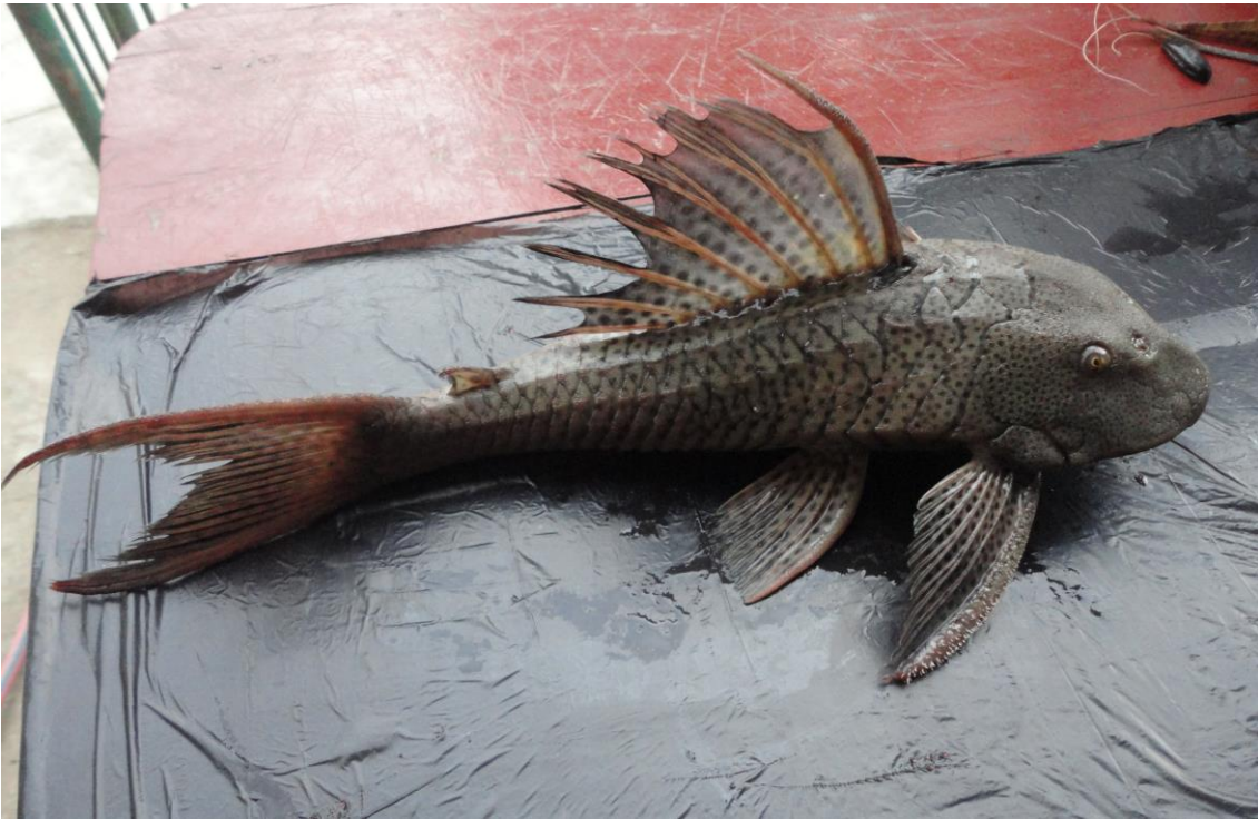
1.3: “carachama” Hypostomus oculus , río Apurímac
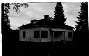
→ 9A → 10
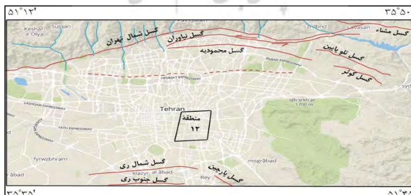
شکل ۲- گسل‌های اصلی تهران که براساس گزارش شماره ۵۶ سازمان زمین‌شناسی کشور (۱۳۷۱) و همچنین گزارش ریتز و همکاران (۲۰۱۲) بر روی نقشه توپوگرافی سه بعدی ۱:۲۰۰۰۰۰۰ بازترسیم شده است.
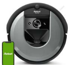
iRobot Roomba i7
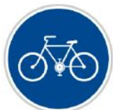
Stezka pro cyklisty

Touto značkou je označen úsek cesty vyhrazený pouze cyklistům.
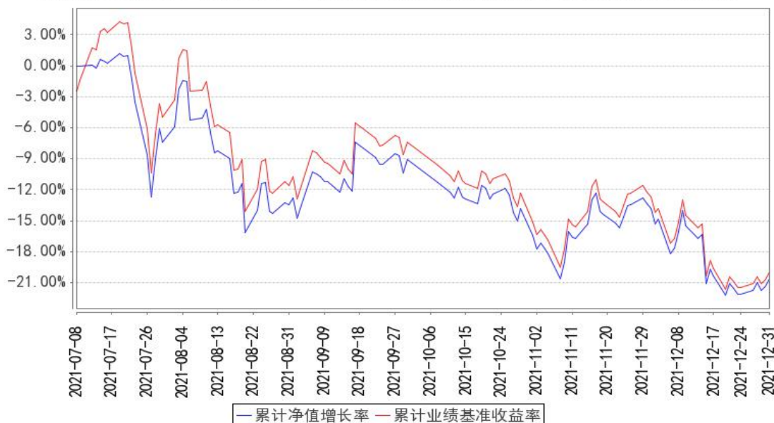
创新药50累计净值增长率与同期业绩比较基准收益率的历史走势对比图
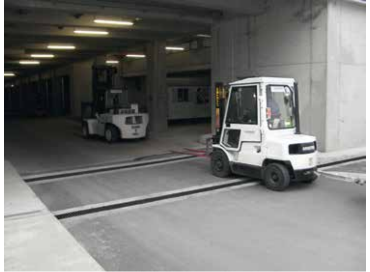
Centro Logístico, Hungría
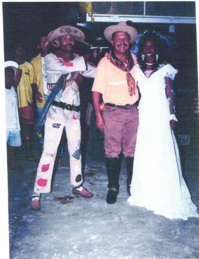
O próprio Bigode ameaçado, pelo pai da noiva, de revolver, em punho: "ou casa ou morre".
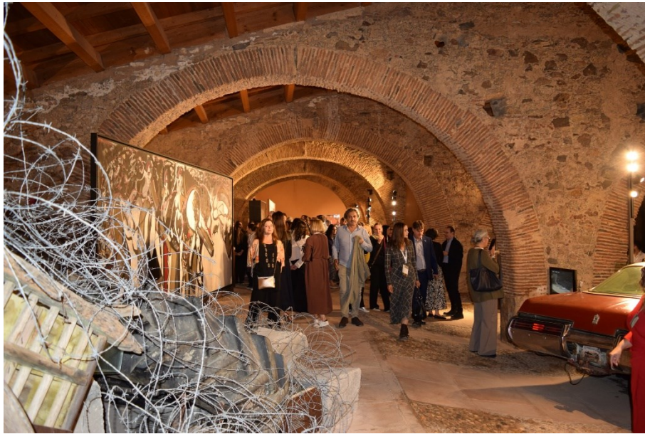
Profesionales del sector turístico en el Museo Vostell Malpartida

La V Convención Turespaña tuvo lugar en la ciudad de Cáceres del 6 al 9 de octubre e incluyó una visita de sus asistentes y profesionales del sector al Museo Vostell Malpartida el 8 de octubre. Todos ellos disfrutaron de un museo único situado en pleno corazón del Monumento Natural de Los Barruecos en Malpartida de Cáceres. Durante la visita, pudieron conocer nuestras colecciones y disfrutar de una cena en el patio del museo en un ambiente especial.
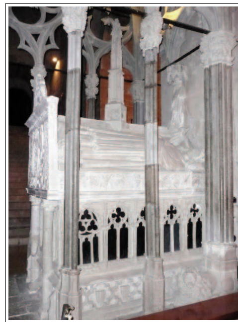
MONESTIR DE SANTES CREUS. Panteó de Jaume II el Just i Blanca d'Anjou.

tres ogivals i coberta per un sostre de dos vessants sostinguts per onze arcs diafragmàtics.
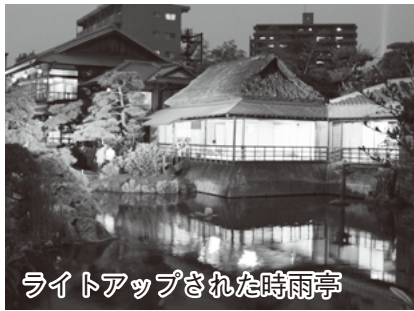
ライトアップされた時雨亭
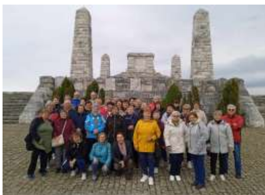
Obr. 112 - Výlet Bradlo
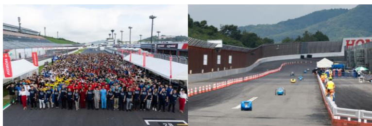
第42回 全国大会 大会風景 (モビリティリゾートもてぎにて)
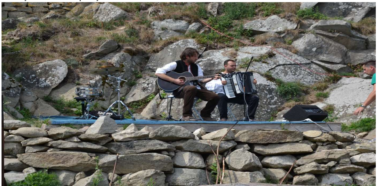
Návrat rytierov na hrad Kapušany
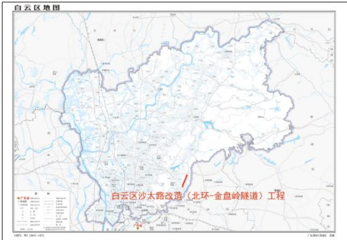
图 2 该工程用地在白云区的位置示意图（广州市规划和自然资源局）
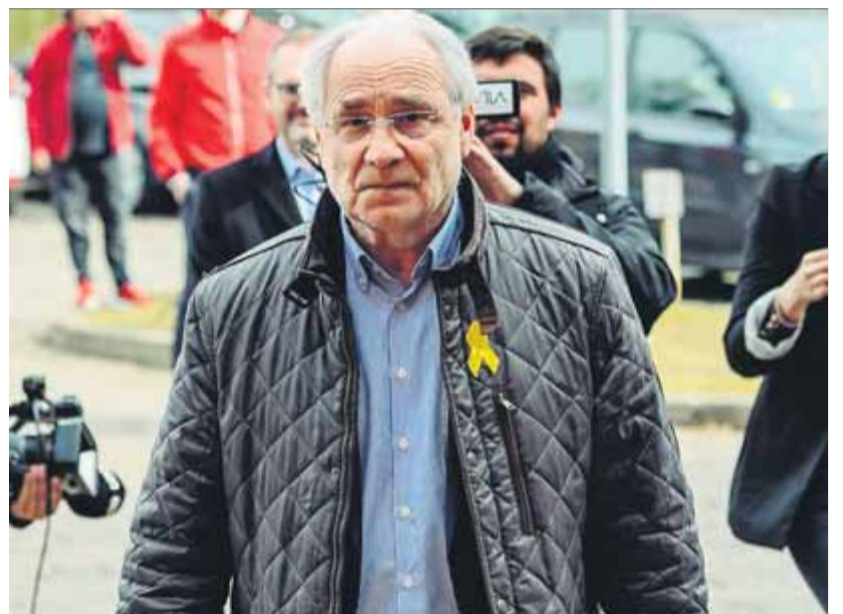
L'eurodiputat liberal Ivo Vajgl sortint de la presó de Neumünster

Va tenir algun problema per accedir a la presó?
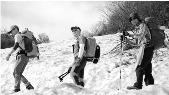
日本でも人気の韓国ドラマ「宮廷女官チャングムの誓い」に王様役で出演した林湖(イム・ホ)さんも同行(写真中央)

登山やトレッキングがブームとなっている韓国から登山愛好者25人が鳥海山登山に訪れ、本市に滞在しました。これは、昨年10月に長谷部市長が韓国と台湾の旅行代理店を訪問し鳥海山を売り込んだことがきっかけとなっており、ソウルの旅行会社が企画しました。一行は、秋田ソウル定期便を利用して6月30日に本市入りし、翌1日に登頂。祓川(矢島口・5合目)から入山し、鉾立(象潟口)へ下山しました。
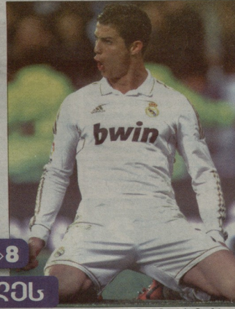
ფილიპ ლამა კრიშტიანო რონალდოს უნდა მიხედოს
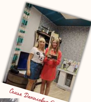
Семья Даниловых Е.И.
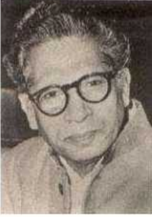
Harivanshrai Bachchan is known for his works such as Madhushala and Agneepath

જો કે, તે ઓગણીસમીની શરૂઆત સાથે જ છે સદી કે હિન્દી ગદ્ય પોતાની રીતે આવ્યું. ભારતેન્દ્ર હરિશંદ્ર હિન્દીમાં નાટકોનું નિર્માણ કરનારા સૌથી પહેલાના એક હતા જે હતા અનુવાદો ના પાઠો લખાયેલ માં સંસ્કૃત અને અન્ય ભાષાઓ. હિન્દી સાહિત્યને સમૃદ્ધ કરનાર અન્ય નામોમાં મોટા પ્રમાણમાં છે મુનશી પ્રેમચંદ, WHO સ્વિચ કર્યું ઉર્દૂ થી ઉપર હિન્દી.
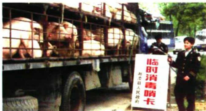
局检疫人员在消毒哨卡为外运生猪消毒
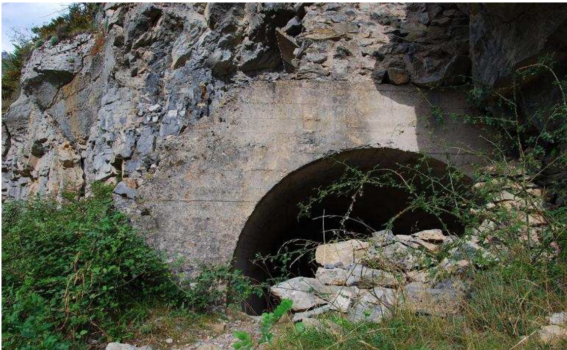
NR.119. OBRA C-1 para Cañón Infantería

La mayoría se conservan en buenas condiciones, otros o han sido destruidos o engullidos por el terreno.
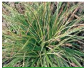
Carex morrowii 'Variegata' Weißgestreifte Japan-Segge
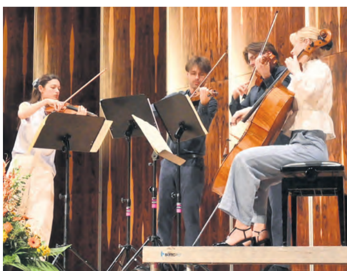
Kammermusik auf allerhöchstem Niveau bot das Novo Quartet aus Dänemark dem Publikum bei deren begeisternden Auftritt in der Singener Stadthalle.

Ein weiteres, sehr persönliches Werk folgte nach der Pause mit Bedřich Smetanas Streichquartett Nr. 1 in e-moll „Aus meinem Leben“. Getragen von einem lieblichen Tanz, der dank des perfekten Spiels des begnadeten Quartetts nie enden möchte, offenbart dieses Stück die ganze Seele des tschechischen Meisterkomponisten. Allen voran im Allegro vivo appassionato sowie dem Allegro moderato à la Polca wurde die Leichtigkeit von Smetanas Komposition spürbar. Generell stellt „Aus meinem
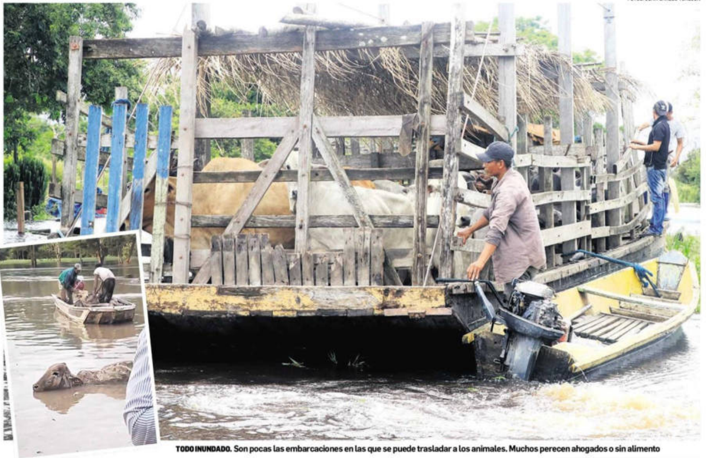
TODOS INUNDADO. Son pocas las embarcaciones en las que se puede trasladar a los animales. Muchos perecen ahogados o sin alimento
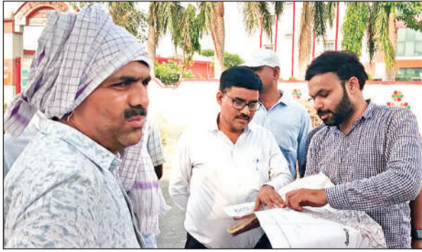
पैमाइश के लिए नक्शा देखते नायब तहसीलदार।
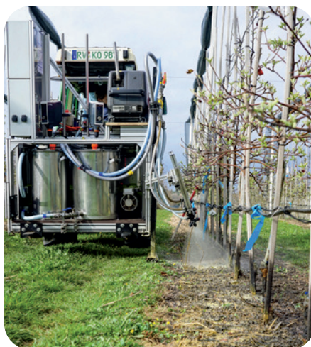
LINKS: PROTOTYP FÜR die Applikation des aufspritzbaren Mulchmaterials aus nachwachsenden Rohstoffen, entwickelt vom Technologie- und Förderzentrum Straubing.

Der Versuchsaufbau bei den Mulchmaterialien umfasste Kleeegrassilage, Holzhackschnitzel, zwei verschiedene Untersaaten und einen biologisch abbaubaren Sprühmulch. Als Kontrolle diente ein nach integrierter Produktion mit Herbizid freigehaltener Baumstreifen. Der Versuch wurde in einer Elstar PCP-Anlage durchgeführt, die im Winter 2019 mit einem Abstand von 0,8 x 3,20 m gepflanzt wurde. Vor der Ausbringung der Materialien Anfang April wurde der Baumstreifen mit einem Ladurner-Hackgerät gekrümelt. Die Kleeegrassilage und die Holzhackschnitzel wurden mit einer Höhe von 15 cm im Baumstreifen ausgebracht. Die Holzhackschnitzel bestanden aus 60 Prozent Nadel- und 40 Prozent Laubholz und hatten ein hohes Kohlenstoff-Stickstoff-Verhältnis (C/N). Deshalb wurde im Etablierungsjahr eine Ausgleichsdüngung von 1,0 g N pro m 2 und cm Mulchschicht unter die Hackschnitzel gegeben. Diese verhindert, dass Mikroorganismen im Boden beim Abbau des hohen Kohlenstoffanteils aus dem Holzhäcksel mit dem Apfelbaum um Stickstoff konkurrieren. Die beiden Untersaaten bestanden aus Mischungen mit höher beziehungsweise niedriger wachsenden Kleesorten. Sie wurden Anfang bis Mitte April ausgesät. Der Sprühmulch wurde vom Technologie- und Förderzentrum Straubing (TFZ) als aufspritzbares Abdeckmaterial auf Basis von Maisstärke und Rapsöl entwickelt. Das Material sowie der Prototyp zur Applikation
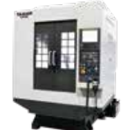
VA3S NEW ダイレクト式ATCを搭載し工具交換時間の短縮を可能とした立形マシニングセンタ
= = = = = = =
◆ **Exercise prompt**: Without the pictures, set down the lines above from the line with "日本でも人気の韓国ドラマ「宮" up to and including the line with "Harivanshrai Bachchan is" exactly as they stand.

◆ **Reply**:
日本でも人気の韓国ドラマ「宮廷女官チャングムの誓い」に王様役で出演した林湖(イム・ホ)さんも同行(写真中央)

登山やトレッキングがブームとなっている韓国から登山愛好者25人が鳥海山登山に訪れ、本市に滞在しました。これは、昨年10月に長谷部市長が韓国と台湾の旅行代理店を訪問し鳥海山を売り込んだことがきっかけとなっており、ソウルの旅行会社が企画しました。一行は、秋田ソウル定期便を利用して6月30日に本市入りし、翌1日に登頂。祓川(矢島口・5合目)から入山し、鉾立(象潟口)へ下山しました。
ფილიპ ლამა კრიშტიანო რონალდოს უნდა მიხედოს
Семья Даниловых Е.И.
Harivanshrai Bachchan is known for his works such as Madhushala and Agneepath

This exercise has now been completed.